На следующий день, 4 октября, во время третьего их свидания, на сей раз происходившего днем, Риенци передал Джаннино, которого отныне величал только Джованни Французский, все бумаги, касающиеся этого необыкновенного дела: исповедь его приемной матери, рассказ брата Журдена Испанского и письмо брата Антуана; потом, кликнув своих секретарей, он начал диктовать послание, подтверждающее подлинность вышеизложенного.
«Мы, Кола ди Риенци, рыцарь милостию Апостольского престола, преславный сенатор Святого града, судья, военачальник и трибун римского народа, внимательно изучили бумаги, врученные нам братом Антуаном, и тем больше придали им веры после того, что стало нам ведомо и услышано, и истинно по воле божией государство Французское уже долгие годы страдает как от войн, так и от различных иных бедствий, кои насылает на него господь, — то, мы полагаем, во искупление обмана, жертвой коего стал сей человек, который долго в нищете и неизвестности пребывал…»

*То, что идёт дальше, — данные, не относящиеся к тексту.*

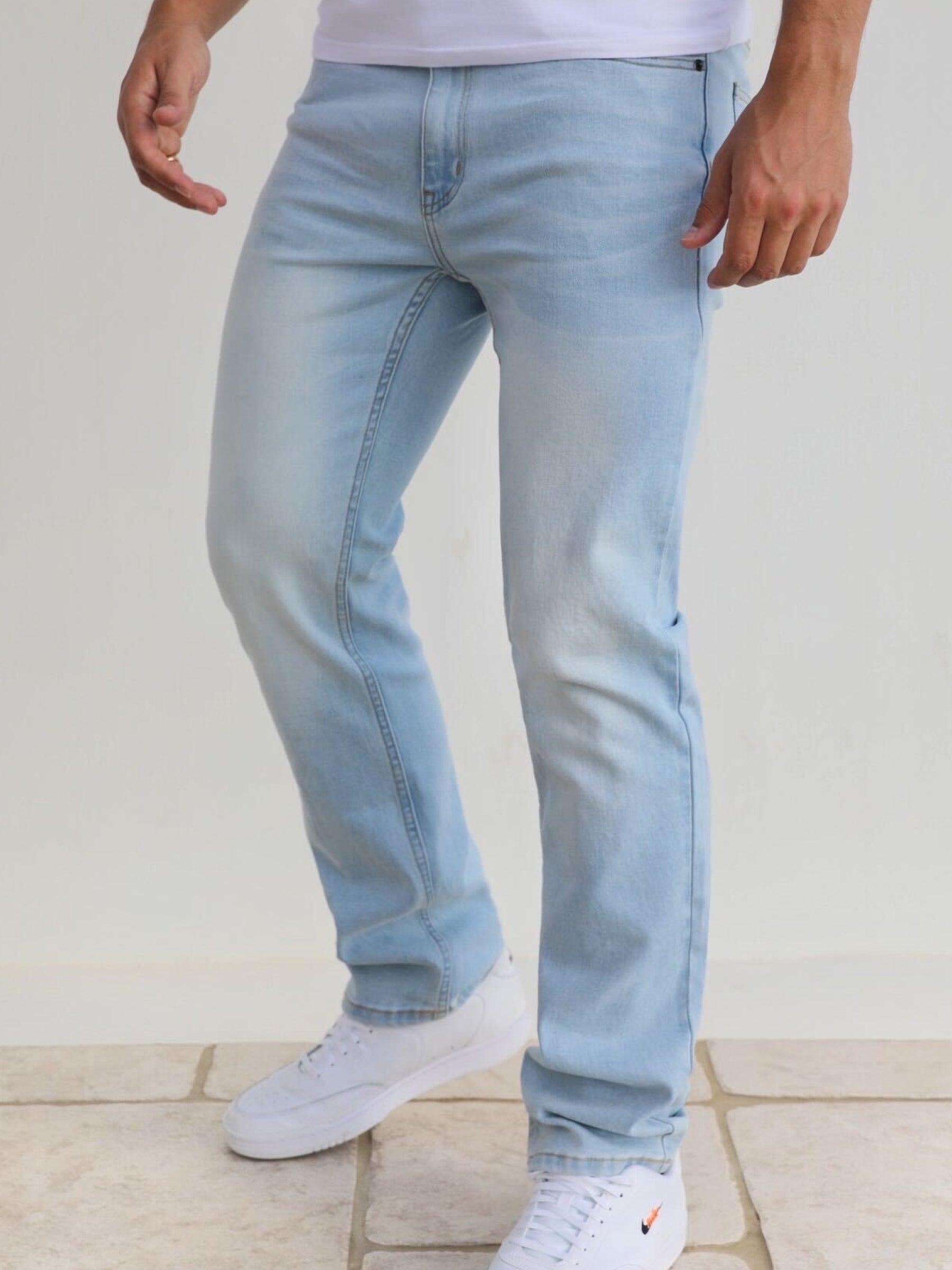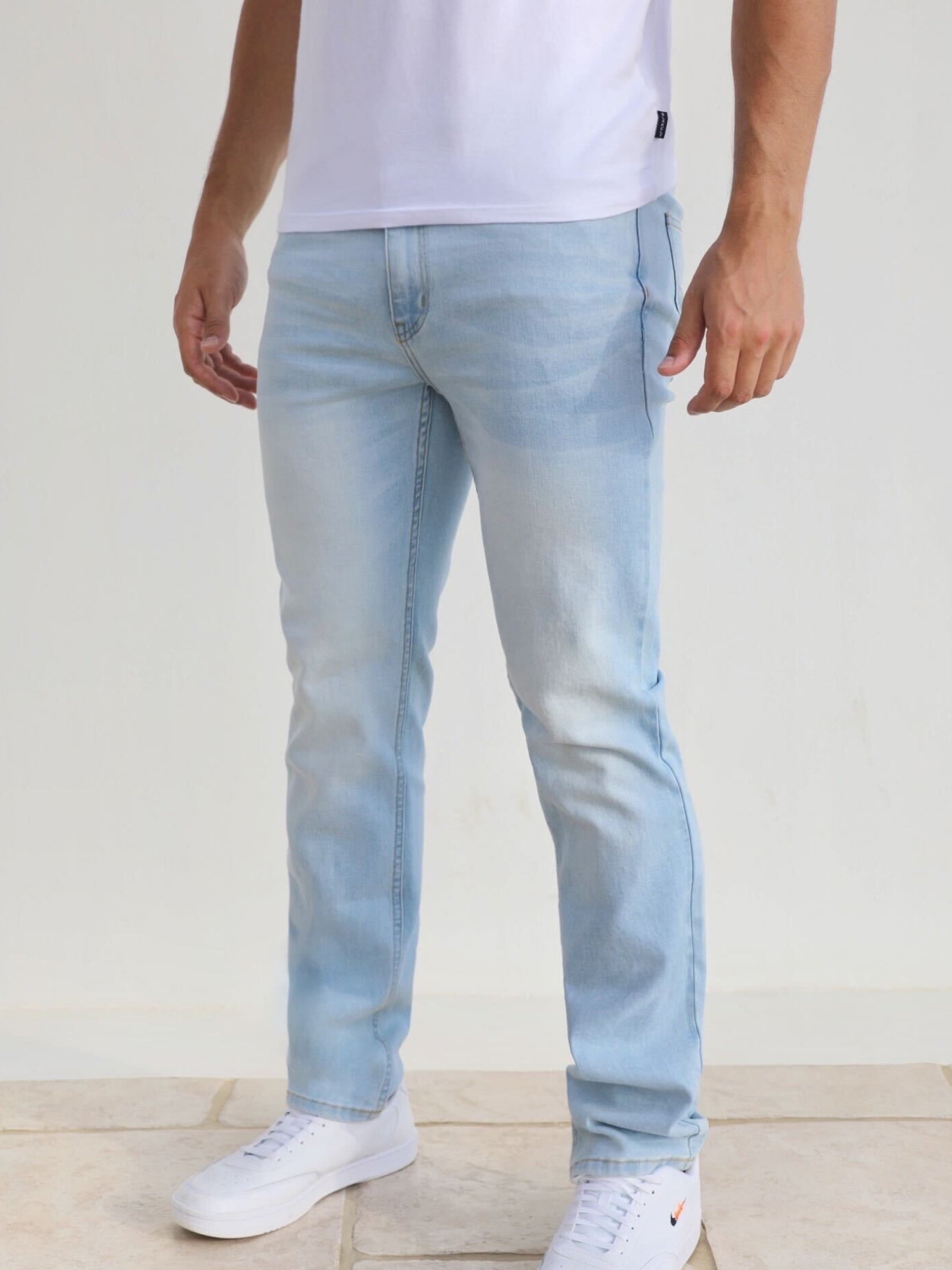 Introducing our Vol.10 Slim Jean in light blue. These jeans feature a slim fit. a stretchy cotton blend. and come in both regular and a shorter leg length. They are designed with side and rear pockets. and are finished with a branded badge. Pair these jeans with one of our slim fit tees for a complete look.

Трибун вел себя не так, как накануне, видно его что-то тревожило: стоило какому-нибудь не совсем обычному шуму достичь его слуха, и он тут же прекращал диктовать, но прекращал также, если кругом залегала полная тишина. Взгляд его больших глаз то и дело обращался к открытым окнам — можно было подумать, будто он хочет заглянуть в душу Вечного города.
«…Джаннино, представший перед нами по нашему приглашению, в четверг 2 октября месяца. Прежде чем сказать ему то, что нами должно было быть ему сказано, мы расспросили его, кто он таков, какое занимает положение, как его имя, равно как и имя его отца, обо всем прочем, его касающемся. Выслушав его ответы, мы убедиться могли, что им сообщенное нам полностью совпадает с письмами брата Антуана; после чего со всей почтительностью мы открыли ему, что нам ведомо стало. Но коли нам известно, что в Риме против нас началось брожение…»
Джаннино так и подскочил. Как! Кола ди Риенци, облеченный неограниченной властью, он, что отряжает своих посланцев к папе, ко всем государям мира, боится… Он взглянул на трибуна, и тот, отвечая на его безмолвный вопрос, медленно опустил ресницы, под завесой которых не стало видно светлых его глаз; правая ноздря по-прежнему подергивалась…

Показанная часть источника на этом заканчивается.